As I ponder it though, I think it becomes more challenging. Linux' emergence
has changed the psychology of the software industry and other industries. You
really have to ponder before Linux and after Linux to start to capture the
magnitude. Before linux, when you bought a computer you paid a company to make
it boot and make it usable. If you wanted to seriously program your PC, you
had a relatively small set of options: C, Pascal, Assembly, maybe BASIC and
then some like databasey type programming platforms of sorts. You had to pay
money to get those tools, not a small amount. You want to look under the hood?
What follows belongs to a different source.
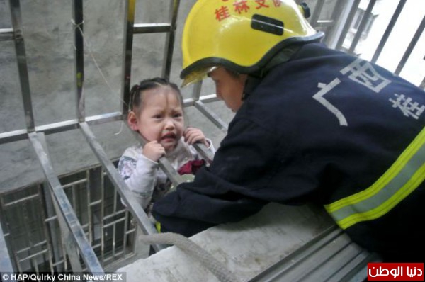 تم العثور على فتاة في الثالثة من عمرها في الصين من خلال رقبتها التي كانت تتدلى رقبتها من نافذة منزلهم في الطابق الرابع بعد أن تركها والداها لوحدها في المنزل وذهبا إلى عملهما .
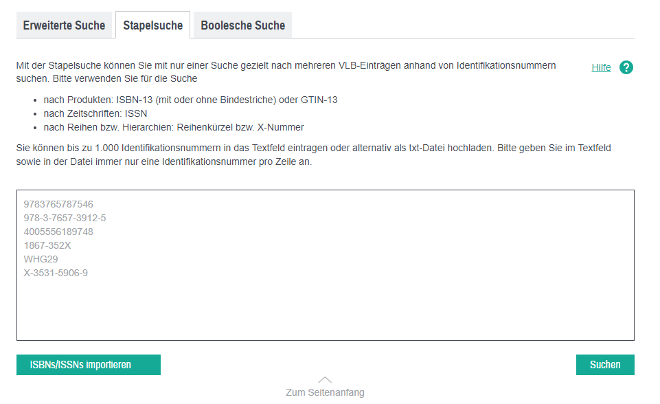 Verwenden Sie für die Suche bitte die ISBN-13 (mit oder ohne Bindestriche), GTIN-13 (bzw. EAN), ISSN (für Zeitschriften), Reihenkürzel oder X-Nummern für Hierarchien.

Go to a university and maybe that'll scratch that itch. Programmers were the
nerdiest of the nerds, now they have a degree of coolness in society (a small
one but still some and they make movies about Hackers and stuff.) Things were
just very different, Linux and GNU and others have had and made a gigantic and
revolutionary impact that really has changed the way software dudes think.
Maybe GNU would have done this if Linux didn't show up. Maybe something else
would have come along, seems like there is a social component and people were
ready for it to happen.

That being said, they barely had computers and landed some dudes on the moon,
that was some real fucking cowboy shit. Strapping dudes on to a bomb,
controllably blowing it up and launching them to the moon and then bringing
them back? Alive, with relatively low casualties. That's really big, a whole
lot of people making careers out of that work and a whole lot of luck. The
luck makes me think of it as bigger, if we did it 100 more times, I know we
would have killed a lot more people in the process and it would have maybe
looked a bit more reckless in retrospect.

------
stox
The Alcatel-Lucent 5ESS switch code is larger, more mature, has probably had
more developers over its lifetime, and still, pretty much, runs the whole
phone network.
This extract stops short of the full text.